Contrary to the worst stereotypes about iPad kids, today’s tweens are actually quite busy in the physical world, according to YPulse. Eighty-eight percent have a hobby, and while some play video games, others are interested in sports or crafting. Fiona, for her part, loves art — her dream job is to work backstage at Lincoln Center one day.
Her fellow Alphas also care about the world around them, according to YPulse, with 75 percent of 8- to 12-year-olds saying they’re passionate about a cause like animal rights or cyberbullying.

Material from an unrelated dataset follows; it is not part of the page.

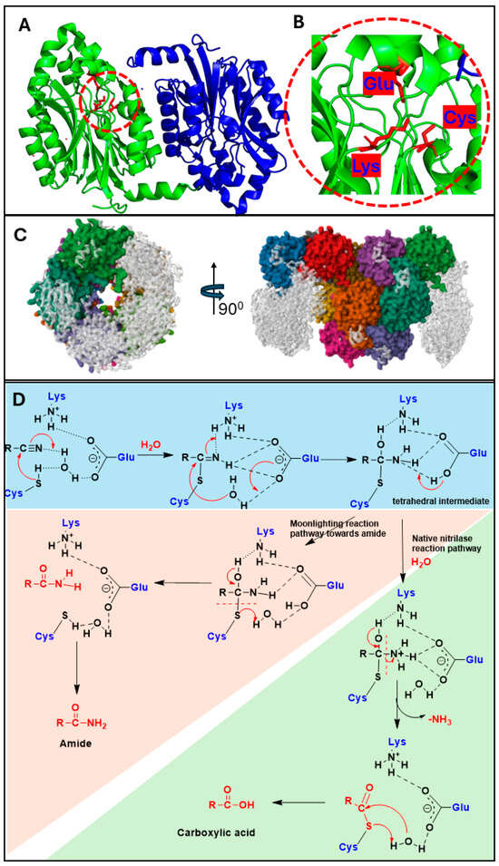 The nitrilase enzymes typically feature a conserved Glu-Lys-Cys catalytic triad and adopt a characteristic four-layered α-β-β-α sandwich fold (Figure 2A,B). The residues present in the α-β-β-α fold often play a role in protein interactions by forming dimers, which in turn assemble into larger oligomeric structures (Figure 2C) [,]. Cyanide-converting enzymes such as cyanide dihydratase and cyanide hydratase, detoxify HCN into formate and formamide, respectively, also belonging to the nitrilase superfamily as well. They share a conserved Glu–Lys–Cys catalytic triad, along with additional conserved flanking residues that support their classification as specialised nitrilase variants acting on free cyanide []. Nitrilases uniquely catalyse the direct hydrolysis of nitriles, without producing intermediate amides, via a covalent thiol-mediated catalysis. However, the promiscuous amide formation activity was also reported in nitrilases towards benzylic nitriles and other aromatic nitriles substituted with electron-withdrawing groups (Figure 2D) [,]. This moonlighting activity was further improved by the site-directed mutagenesis of non-polar amino acid residues that stabilise the native tetrahedral intermediate during catalysis [,]. The native nitrilase reaction mechanism, which involves sequential water additions and the formation of distinct geometric intermediates, sets them apart from other family enzymes that lack such a conformational flexibility in catalysis. Mechanistically, most nitrilases, except cyanide hydratases, exhibit a preference for sterically demanding cyano-group-containing substrates, suggesting that geometric distortion facilitates the thioimidation of the nitrile substrate []. Cyanide hydratase is a mechanistically distinct outlier here, and, by catalysing the reaction with a single hydration event, it bypasses the conventional hydrolytic pathway leading to carboxylic acid formation in nitrilases, requiring less substrate-specific adaptations [].

And despite adults’ concerns about them, 84 percent of tweens have positive feelings about the future.
Meanwhile, some see potential upsides to younger Alphas’ comfort level with their screens. Fiona thinks kids her sister’s age might be better at spotting AI-generated content because they’ve been exposed to it from such a young age. Many Gen Alphas don’t perceive a stark difference between online and offline interactions, Rauchberg said — it’s all real life to them.
That might sound unnerving to people who grew up without smartphones, but if you’re a millennial, you might remember the days when our elders were warning us that the internet was real, and that our online profiles could follow us through college applications or job searches.
For better or for worse, Alphas are natives of a world to which the rest of us had to adapt.